My question is about skipping tests in Django's test runner so I can throw a warning if the resource is unavailable without the tests failing, specifically getting a version of Python's unittest module that supports this behaviour. I've given this much background information to allow anyone with experience in this area to offer alternative suggestions.
Apologies for the lengthy question, I'm aware most people won't read this now.
I've 'bolded' the important bits to make it easier to read.
I created a separate answer since your edit invalidated my last answer.
I assume you're running on Python version 2.6 - I believe the changes that you're looking for in unittest are available in Python version 2.7. Since unittest is in the standard library, updating to Python 2.7 should make those changes available to you.
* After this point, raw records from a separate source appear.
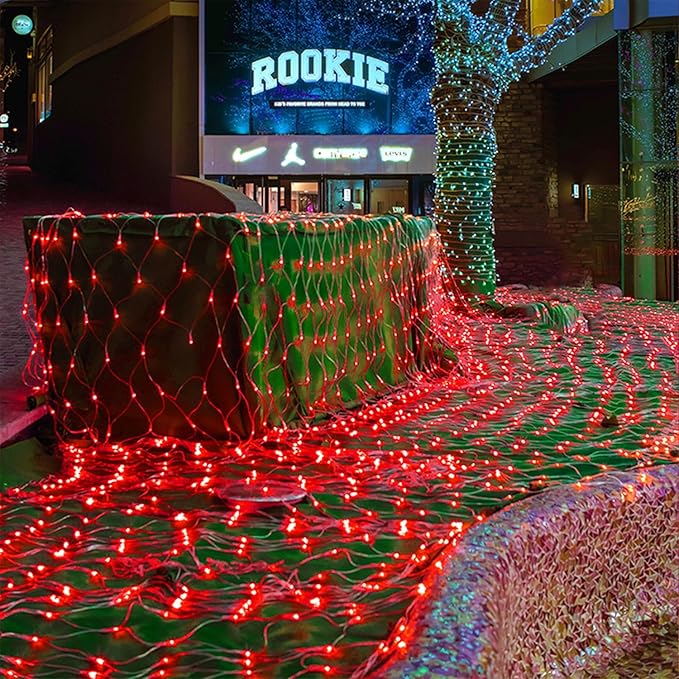 - Christmas Decorative Lights: Red net mesh lights, come with super bright 360 LEDs and UL Certified adapter. Low voltage plug, safety voltage for human body. Mesh panel size 12ft x 5ft with 16.5ft lead cable
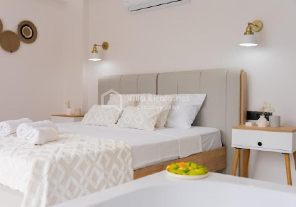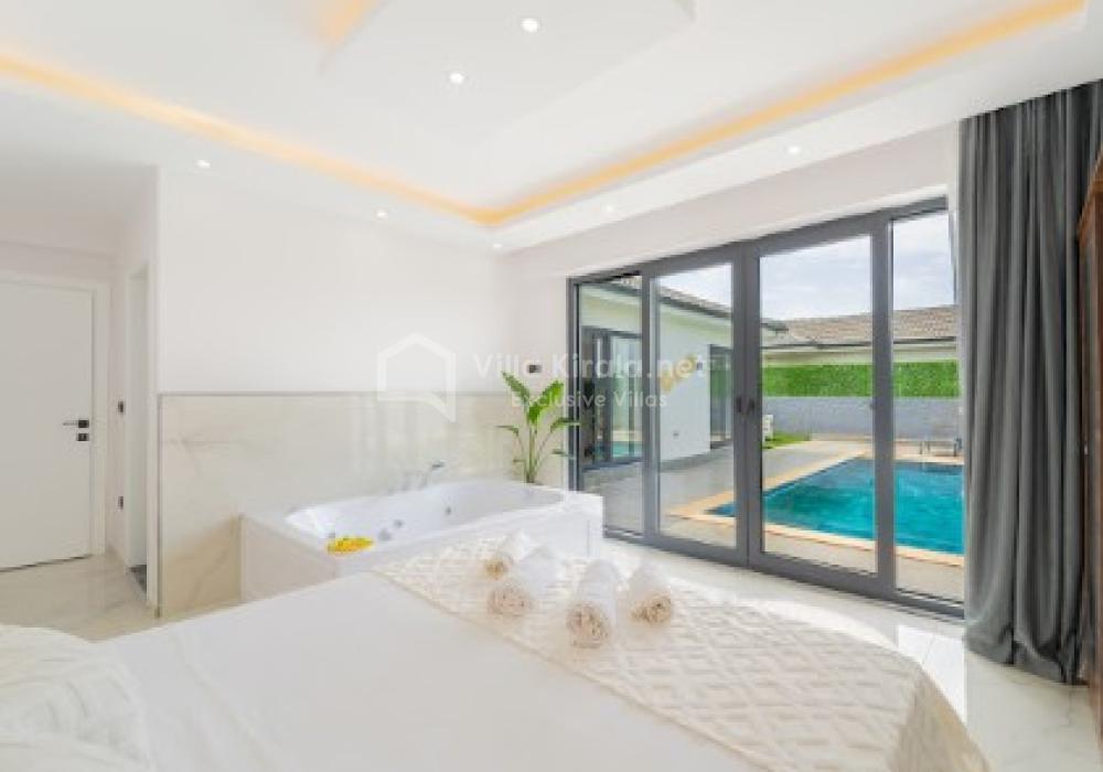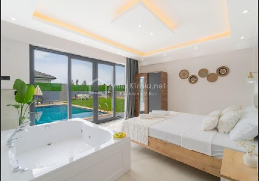 1 adet çift kişilik yatak, komodin, klima, giysi dolabı, jakuzi, özel banyo & WC ve havuz terasına direkt çıkış bulunmaktadır.
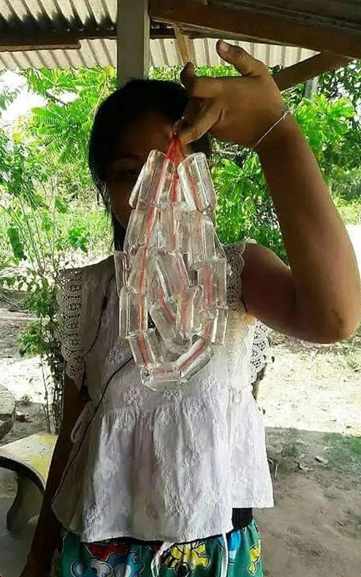 没错,用一根绳子将冰块穿起来,就可以轻松提回家。如果最主要的目的是不冻伤手的话,这个方法算是可行(但走路速度一定要超快,)
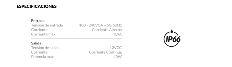 Fuente de alimentación Vulcano de 12V y 40W para alimentar luminarias LED para piscinas. Permite transformar la energía eléctrica que alimenta al sistema de iluminación de la pileta, reduciendo la tensión y rectificando el voltaje de corriente alterna (VCA) a corriente continua (VCC). Desarrollada con la mejor tecnología, brinda corriente de salida estabilizada, son 100% resinados logrando nivel de protección IP66, protegiendo sus componentes internos de la humedad y de salpicaduras de agua.

Is that an option that will work for you?
One other thing that I might suggest is to maybe separate the "external source format verification" test(s) into a separate test suite and run that separately from the rest of your unit tests. That way your core unit tests are still fast and you don't have to worry about the external dependencies breaking your main test suites. If you're using Hudson, it should be fairly easy to create a separate job that will handle those tests for you. Just a suggestion.
The new features in unittest in 2.7 have been backported to 2.6 as unittest2. You can just pip install and substitute unittest2 for unittest and your tests will work as thyey did plus you get the new features without upgrading to 2.7.
What are you trying to test? The code in your Django application(s) or the dependency? Can you just Mock whatever that external dependency is? If you're just wanting to test your Django application, then I would say Mock the external dependency, so your tests are not dependent upon that external resource's availability.
If you can post some code of your "actual fetcher" maybe you will get some tips on how you could use mocks.